Depending on the type of problem, the user needs to supply the low-level routines that calculate the objective function, constraint functions for constrained problems, and also if possible, derivatives. To simplify this coding process so that the work has to be performed only once, TOMLAB provides gateway routines that ensure that any solver can obtain the values in the correct format.

For example, when working with a least squares problem, it is natural to code the function that computes the vector of residual functions r_i(x₁,x₂,…), since a dedicated least squares solver probably operates on the residual while a general nonlinear solver needs a scalar function, in this case f(x) = 1/2 r^T(x)r(x). Such issues are automatically handled by the gateway functions.
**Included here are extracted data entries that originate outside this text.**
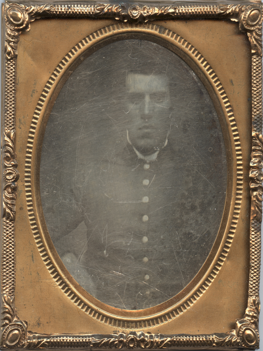 Wearing a tightly fitting shell jacket, this soldier likely is from the Mexican War era military. The 1/6 plate daguerreotype has some swipes that can be seen in the scan. There is no
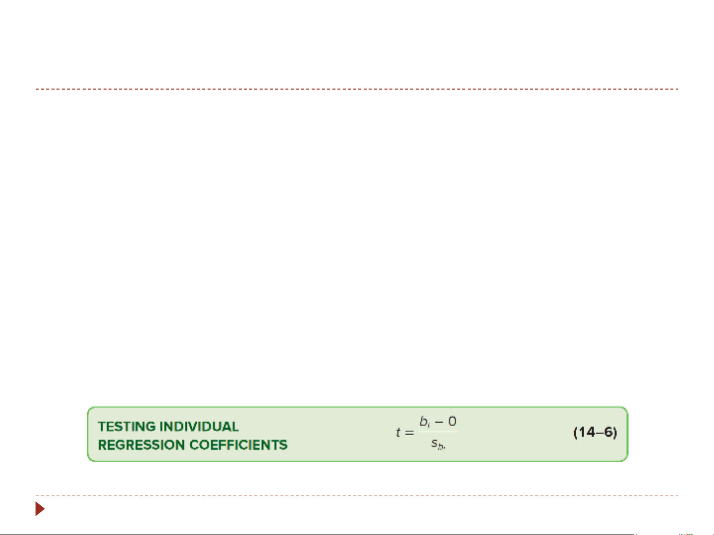 The test statistic is the t distribution with n – (k +1) degrees of freedom
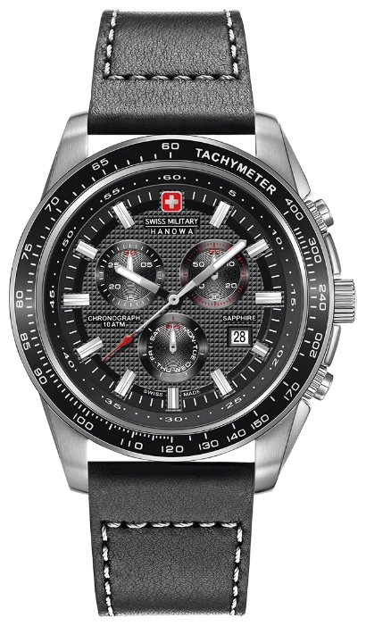 | 4. Swiss Military Hanowa Crusader Chrono 6-4225.04.007: корпус из нержавеющей стали 316L, безель с ионным покрытием чёрного цвета и тахиметрической шкалой, чёрно-серый циферблат с часовыми индексами серого цвета, серый кожаный ремешок с белой прострочкой. | |
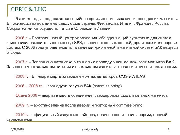 CERN & LHC 1999 г. - В ЦЕРН поставлены из ИЯФ (Новосибирск) первые «теплые» магниты для перепускных каналов. В последующие годы ИЯФ поставил около 540 магнитов для перепускных каналов. 2000 г. - Успешно испытаны первые квадрупольные магниты, необходимые для фокусировки пучка. 2001 – 2002 гг. - Начато серийное производство дипольных и квадрупольных магнитов. Получены первые прототипы корректирующих магнитов. К концу 2002 года из тоннеля извлечены последние компоненты LEP, в итоге за 14 месяцев демонтажа LEP из 27 километрового тоннеля было извлечено более 40 000 тонн оборудования. 2003 г. - В ЦЕРН поставлен первый американский магнит, предназначенный для финальной фокусировки пучка в местах экспериментов. Всего за последующие годы будет поставлено 20 таких магнитов. Это явилось вкладом США в проект БАК. 2004 – 2005 гг. - Закончено строительство подземных залов для детекторов CMS и ATLAS, закончена вся подземная инфраструктура. Размеры зала для детектора CMS составили 53 метра длиной, 27 метров шириной и 24 метра высотой, сам зал находится на глубине 100 метров под землей. 3/19/2018 (слайдов: 43) 5

2.4 Low Level Routines and Gateway Routines

Low level routines are the routines that compute:

The objective function value
The gradient vector
The Hessian matrix (second derivative matrix)
The residual vector (for nonlinear least squares problems)
The Jacobian matrix (for nonlinear least squares problems)
The vector of constraint functions
The matrix of constraint normals (the constraint Jacobian)
The second part of the second derivative of the Lagrangian function.

The last three routines are only needed for constrained problems.

The names of these routines are defined in the structure fields Prob.FUNCS.f , Prob.FUNCS.g , Prob.FUNCS.H etc. It is the task for the Assign routine to set the names of the low level m-files. This is done by a call to the routine conAssign with the names as arguments for example. There are Assign routines for all problem types handled by TOMLAB . As an example, see 'help conAssign' in MATLAB.


 Prob = conAssign('f', 'g', 'H', HessPattern, x_L, x_U, Name,x_0,...
        pSepFunc, fLowBnd, A, b_L, b_U, 'c', 'dc', 'd2c', ConsPattern,...
        c_L, c_U, x_min, x_max, f_opt, x_opt);

Only the low level routines relevant for a certain type of optimization problem need to be coded. There are dummy routines for the others. Numerical differentiation is automatically used for gradient, Jacobian and constraint gradient if the corresponding user routine is non present or left out when calling conAssign . However, the solver always needs more time to estimate the derivatives compared to if the user supplies a code for them. Also the numerical accuracy is lower for estimated derivatives, so it is recommended that the user always tries to code the derivatives, if it is possible. Another option is automatic differentiation with TOMLAB /MAD.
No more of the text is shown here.